> Records for this task
::::::::

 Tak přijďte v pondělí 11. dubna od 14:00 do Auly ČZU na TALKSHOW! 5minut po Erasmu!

::::::::

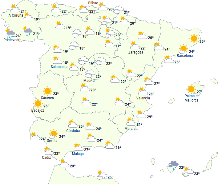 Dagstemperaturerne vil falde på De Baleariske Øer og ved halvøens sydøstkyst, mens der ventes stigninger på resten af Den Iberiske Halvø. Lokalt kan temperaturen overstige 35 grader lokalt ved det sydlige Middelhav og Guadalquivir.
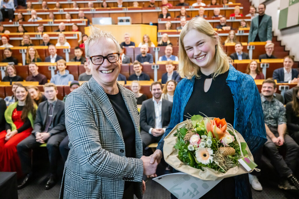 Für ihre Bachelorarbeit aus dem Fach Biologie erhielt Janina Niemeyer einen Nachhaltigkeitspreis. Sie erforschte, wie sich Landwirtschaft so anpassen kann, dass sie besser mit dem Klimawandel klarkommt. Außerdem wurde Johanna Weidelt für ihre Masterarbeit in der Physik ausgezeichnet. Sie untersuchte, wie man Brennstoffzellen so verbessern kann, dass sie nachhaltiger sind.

::::::::

> Task instructions
Working from the entries above, please transcribe only the lines from the line with "Dagstemperaturerne vil falde" through the line with "Für ihre Bachelorarbeit", exactly, with both end lines and without pictures.

> Finished exercise
 Dagstemperaturerne vil falde på De Baleariske Øer og ved halvøens sydøstkyst, mens der ventes stigninger på resten af Den Iberiske Halvø. Lokalt kan temperaturen overstige 35 grader lokalt ved det sydlige Middelhav og Guadalquivir.
 Für ihre Bachelorarbeit aus dem Fach Biologie erhielt Janina Niemeyer einen Nachhaltigkeitspreis. Sie erforschte, wie sich Landwirtschaft so anpassen kann, dass sie besser mit dem Klimawandel klarkommt. Außerdem wurde Johanna Weidelt für ihre Masterarbeit in der Physik ausgezeichnet. Sie untersuchte, wie man Brennstoffzellen so verbessern kann, dass sie nachhaltiger sind.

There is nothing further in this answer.